Holcim prévoit un recul de 40% du bénéfice net pour 2002

Attendus mercredi, les résultats du groupe Holcim, deuxième groupe cimentier mondial derrière le français Lafarge, ne devraient pas réserver de grosses surprises non plus. La société avait déjà pris les devants à la mi-février en lançant un avertissement sur ses bénéfices. Holcim avait alors annoncé avoir constitué des provisions à hauteur de 120 millions de francs dans les comptes 2002, en prévision d'une amende de l'Office fédéral allemand des cartels. Le groupe avait ajouté que l'exercice 2002 se solderait par un bénéfice net inférieur de 40% environ à celui enregistré en 2001 (812 millions de francs). Le niveau du bénéfice d'exploitation en revanche devrait être stable (1,945 milliard en 2001). L'Office fédéral allemand des cartels a engagé une procédure contre l'industrie allemande du ciment, soit une trentaine de sociétés, en raison de violations présumées de la législation au cours des années 1990. Holcim, pour sa part, est impliquée au travers de l'une de ses filiales allemandes. Mais selon une note de Patrick Appenzeller, analyste auprès de la Banque Leu, l'alerte sur les bénéfices de Holcim s'expliquait aussi par les résultats de sa filiale mexicaine Apasco, laquelle avait contribué à un quart du bénéfice de Holcim sur neuf mois. Le 6 février dernier, Thomas Schmidheiny, qui contrôle la majorité des droits de vote du groupe, a démissionné de la présidence du conseil d'administration, tout en restant administrateur, en raison d'une condamnation pour délit d'initié en Espagne. C'est Willy Kissling qui lui a succédé à titre intérimaire. L'action Holcim affiche une baisse de 20% environ depuis le début de l'année. Sur 30 recommandations bancaires, 14 sont actuellement positives sur le titre, 10 neutres et 6 négatives.

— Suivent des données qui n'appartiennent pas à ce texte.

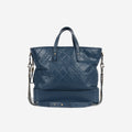 - Teal blue aged calfskin quilted leather
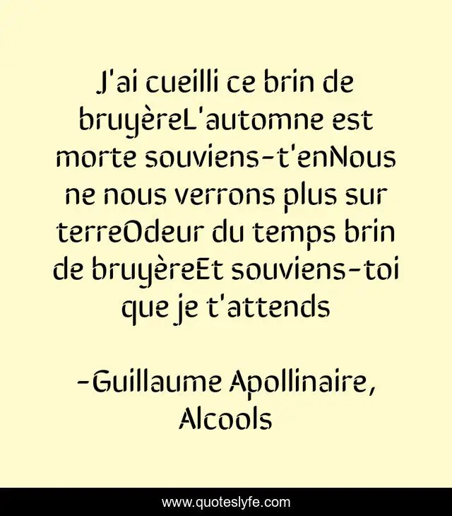 "Guillaume Apollinaire, Alcools Quotes." Quoteslyfe.com, 2025. Mon. 08 Dec. 2025. <https://www.quoteslyfe.com/quote/J-ai-cueilli-ce-brin-de-bruy-25181>.
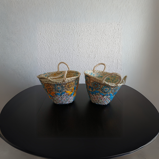 Panier en osier brodé à la main – Artisanat marocain raffiné
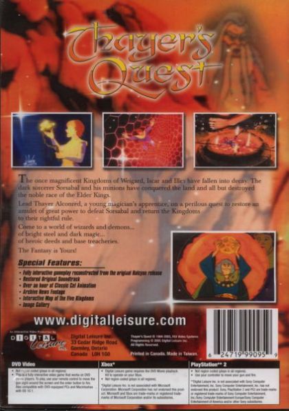 A sequel incorporating the rest of Thayer's journey was planned, but the company went bankrupt before it could be completed. In the mid-1990's, Thayer's Quest was released to home computers and CD-based consoles titled Kingdom: The Far Reaches, with the characters' names changed (Thayer became Lathan Kandor, Sorsabal became Torlock, etc., because creator Rick Dyer thought the original character and names were "too 70's") and additional animation and puzzles. In 1998 Kingdom 2: Shadoan was released, including the final two kingdoms and the final battle with Torlock. In 2005 the original Thayer's Quest was released as a DVD video game by Digital Leisure, Inc. (true to the original Halcyon version) and could be played on an ordinary DVD player using the remote control. Thayer's Quest was also released for CD-ROM by Digital Leisure, Inc.
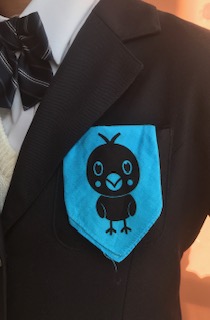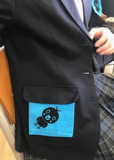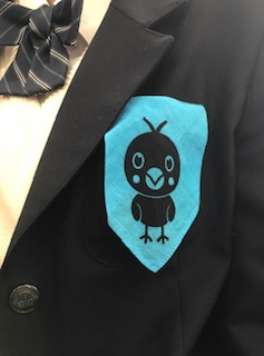今週は挨拶キャンペーンを実施しています。生徒は胸ポケットにカラぴょんがついた青いハンカチを入れて、このキャンペーンに賛同していることを表明しています。たまに、違うポケットに入れている生徒もいます。
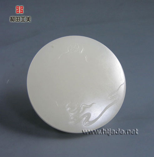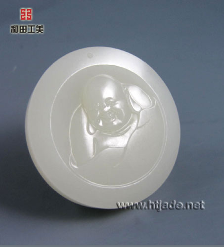 和田玉籽料圆牌。材质缜密,凝脂味浓厚,白中偏黄,非常悦目,牌成圆型,斜刀开窗亦呈圆,窗里琢笑佛圆额秃顶,大耳垂肩,笑容满面,巧妙安排荷叶作半包状,烘托笑佛的主题,笑口常开,大肚能容,时时启发佩者的心智矣。作品构图新颖,繁简有致,另人耳目一新。 产品图一: 产品图二:
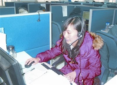 圖:1月12日,國(guó)壽財(cái)險(xiǎn)電子營(yíng)銷中心工作人員在接聽(tīng)電話。
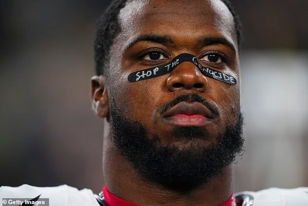 Al-Shaair también fue visto usando zapatos propalestinos en la sesión de entrenamiento de los Texans para 2024.
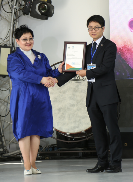 哈萨克斯坦妇女儿童联合会主席拉瓦女士代表世博会上合馆向脂老虎CEO林伟华授予“丝路国际医疗健康公益企业”称号

Saurer: bonne visibilité dans les machines textiles

Leader mondial des machines textiles, le groupe Saurer a déjà annoncé en janvier avoir rehaussé ses ventes de 3% à 2,48 milliards de francs en 2002 alors que, dans le même temps, ses entrées de commandes ont bondi de 20%. Analyste auprès de la Banque Pictet & Cie, Volkan Göcmen souligne dans une étude récente la bonne visibilité de l'industrie des machines textiles alors que le reste du secteur des machines est loin d'avoir atteint le creux de la vague: «Saurer et Rieter ont tablé tous les deux sur une pleine utilisation des capacités d'ici le milieu de l'exercice 2003.» L'analyste de la banque genevoise constate en outre une reprise durable dans les machines à tisser les fibres naturelles. Pour 2003, il table pour Saurer sur un bénéfice net de 71,2 millions de francs (après une perte nette de 76 millions en 2001) et sur un bénéfice d'exploitation EBIT de 122,2 millions (–52,6 millions) et se montre positif (accumuler) sur le titre à l'instar de la majorité (7) des recommandations répertoriées par Bloomberg, alors que deux d'entre elles sont neutres et une seule négative.